*Your assignment:*
Only the lines from the start of the data through the line containing "-0.56 | -1.42 |" should be written out, exactly as they are, with both ends included and the pictures left out.

#####

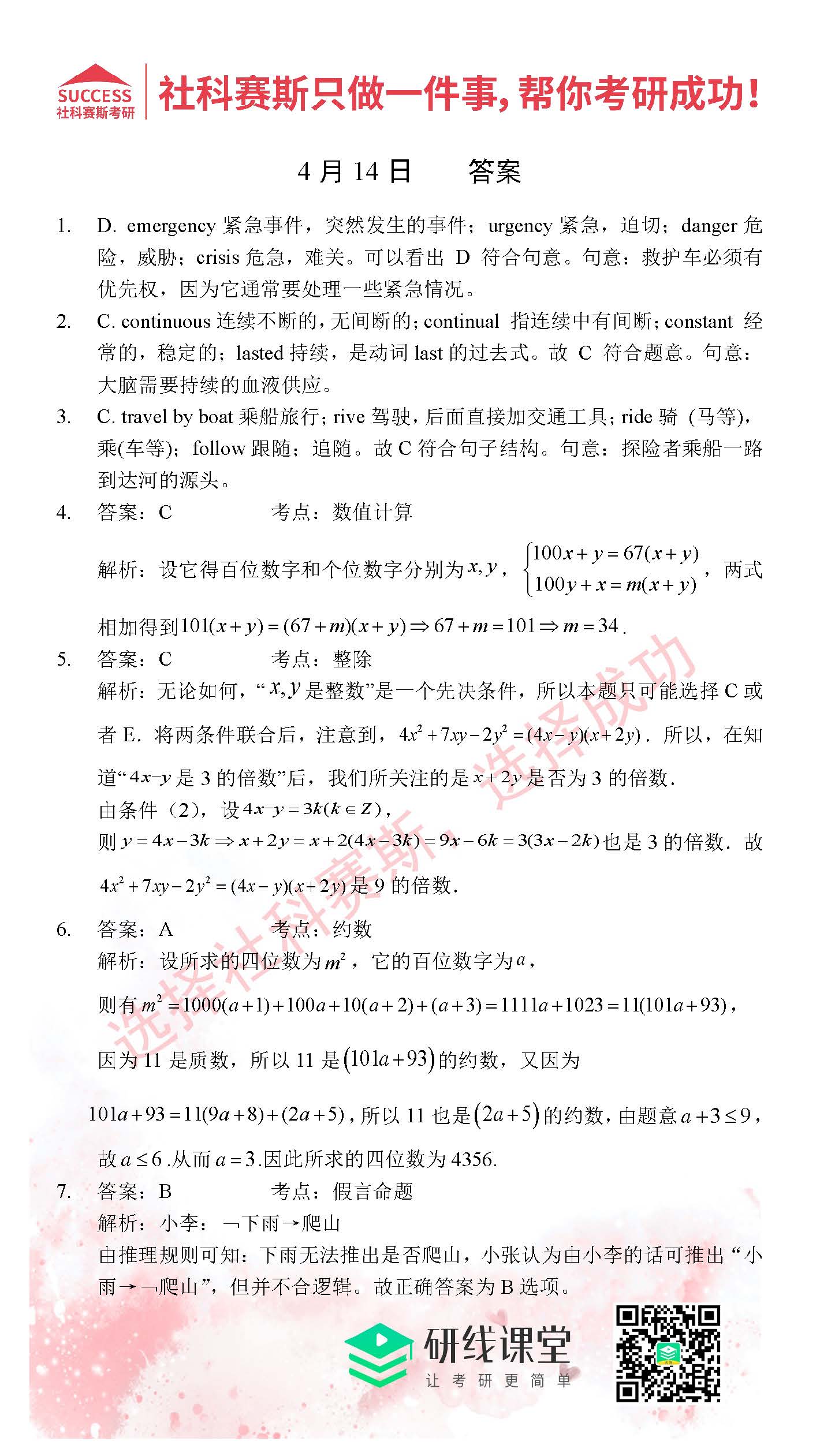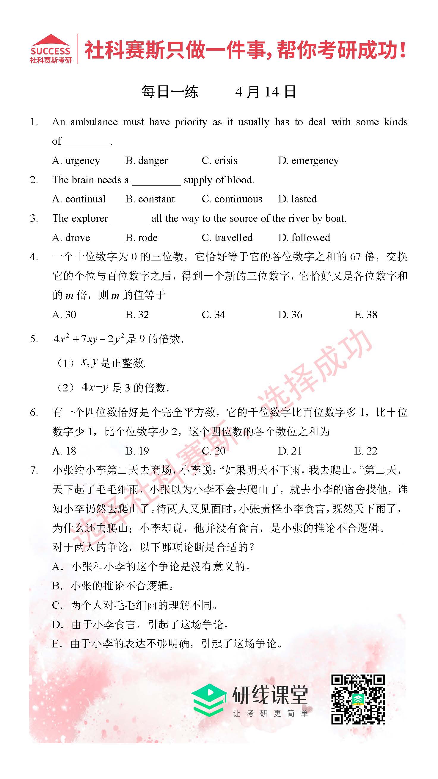 2021管理類聯(lián)考4月14日每日一練及答案
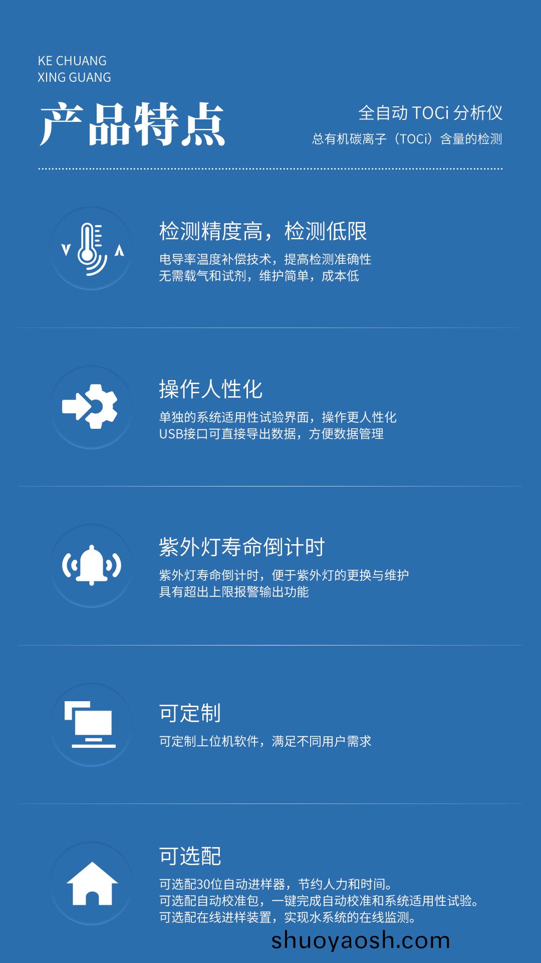 | TOCI检测范围: | 0µg/L~1500.0 µg/L |
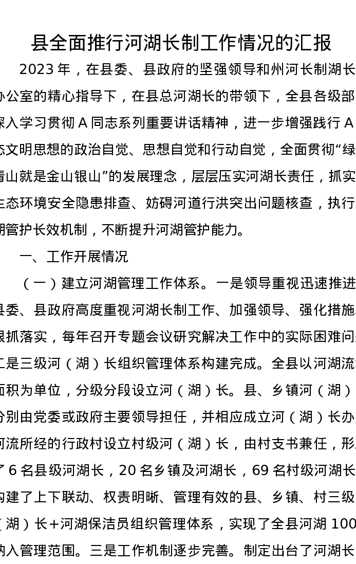 县全面推行河湖长制工作情况的汇报
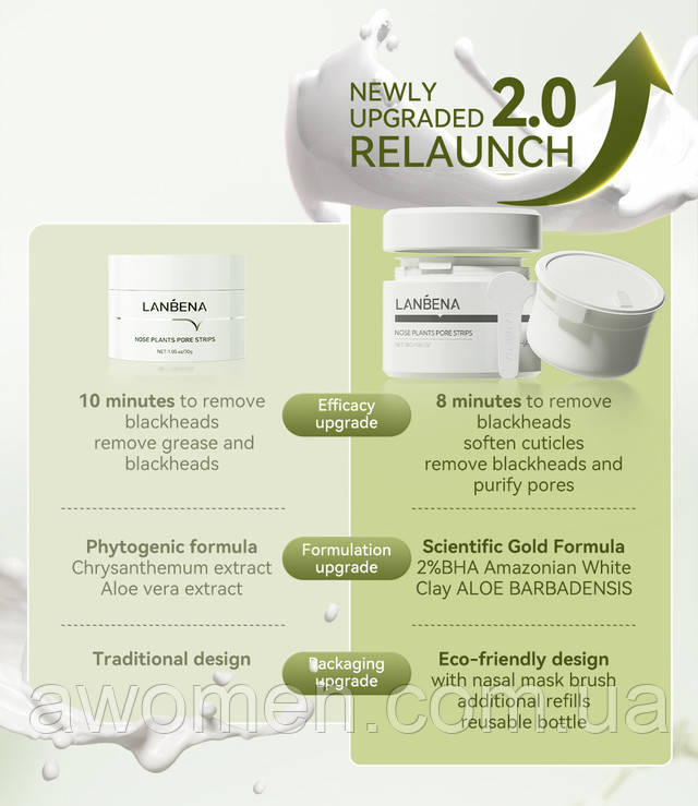 Lanbena представляє оновлену версію 2.0, яка перевершує попередню завдяки значним покращенням ефективності, формули та пакування. Цей інноваційний продукт забезпечує глибоке очищення шкіри, видалення чорних цяток та догляд за вашою шкірою всього за 8 хвилин.
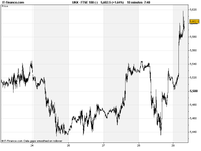 | UK 100 | 5493.06 | -30.86 | -0.56 | -1.42 |
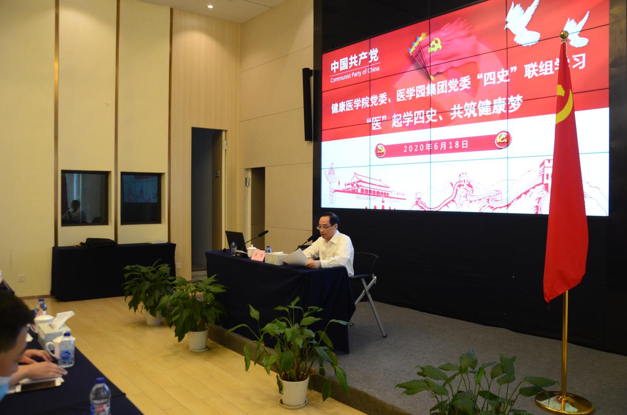为进一步强化区域化党建,增强党员干部永葆坚定信念、永葆奋斗精神、永葆为民情怀、永葆担当本色,6月18日上午,我校与医学园集团携手举办了以人民健康为主题的“四史”联组学习。校党委副书记于莹,全体党总支、直属党支部书记、组织部相关人员、医学园集团全体党支部书记、党小组组长、医学园区“两新企业”党组织干部等70余人参加了本次活动。

#####

*Answer to the exercise:*
 2021管理類聯(lián)考4月14日每日一練及答案
 | TOCI检测范围: | 0µg/L~1500.0 µg/L |
 县全面推行河湖长制工作情况的汇报
 Lanbena представляє оновлену версію 2.0, яка перевершує попередню завдяки значним покращенням ефективності, формули та пакування. Цей інноваційний продукт забезпечує глибоке очищення шкіри, видалення чорних цяток та догляд за вашою шкірою всього за 8 хвилин.
 | UK 100 | 5493.06 | -30.86 | -0.56 | -1.42 |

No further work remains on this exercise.